One of the Greeks took his belt off and shook it in the other's faces. I've never seen anything like it. The three of them really started raging, facing each other, alternating their energy back and forth, each one equally furious at the other two. Then, maybe seeing no point in further argument, they went outside and beat the living shit out of each other.
That was our first and last night hanging out with them. After the fight, the Greeks were bloodied up pretty good. They all wore rings and there had been a few solid buckle hits, too. But they went back to their travel trailer peacefully and together. The squadron thought it all a good show and went back inside to keep drinking.
Waking up the next day and walking to the rec room, I saw the Greek's trailer was gone. When I asked the Major, he said didn't know anything about it.
*
AK 2092
On the flight back from maneuvers, as one of the first ten to arrive at the assembly zone, our squad was rewarded with a night off. At the announcement over the radio, the men all hooted in unison and barked out the division battle cries.
"Hey, El-Tee! Not too bad, huh?" One of the sergeants whacked me on the back. I didn't like it.

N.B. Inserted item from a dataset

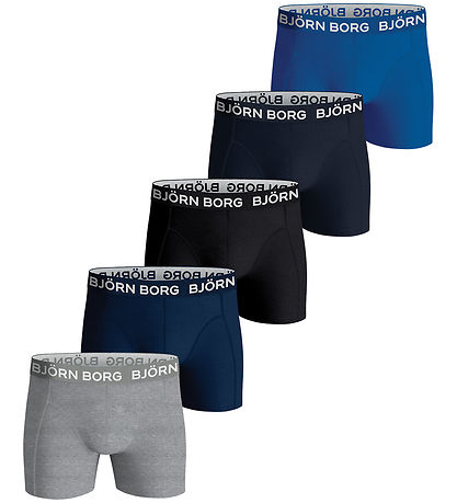 Stijlvolle Björn Borg boxershorts zwart, grijs en blauw tinten verkocht in een 5-pack, ontworpen met een brede elastische rand met logo. Praktische en comfortabele pasvorm, perfect voor dagelijks gebruik.
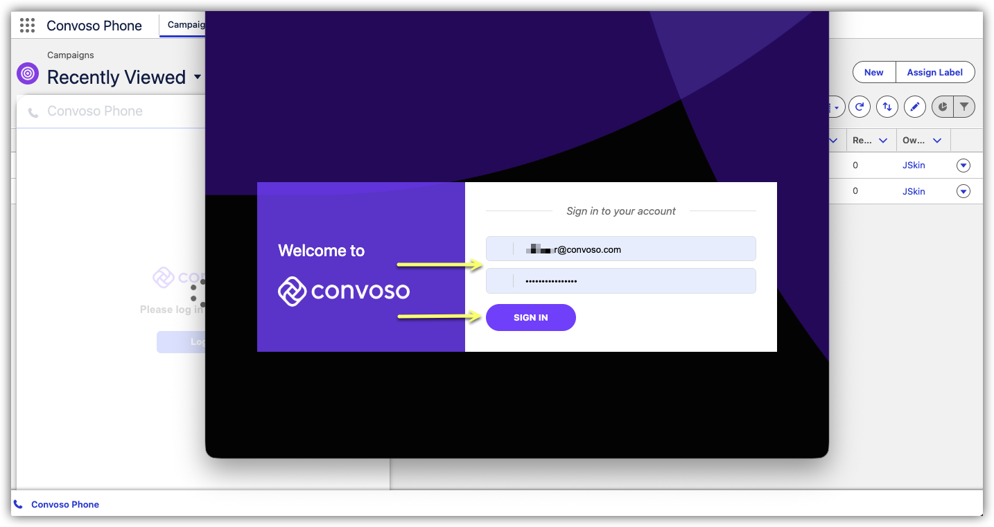 A separate Convoso login window or tab will open. 4.) Enter your Convoso Agent credentials in the username/email and password fields. |

"Sorry, sir." He said adding, "...thank you."
I started to feel like kind of a dick.
"Got any big plans for the break, soldier?"
"Oh, yeah. Well, probably hit the game room with the guys. You know."
"What’s your first name, Sgt?"
"Geake!" That's how he spelled it, not Jake.
"Geake, I have to tell you, that sounds fucking horrible. When you get finished doing whatever it is you have to do before you start having all that fun I want you to come by my quarters. OK?"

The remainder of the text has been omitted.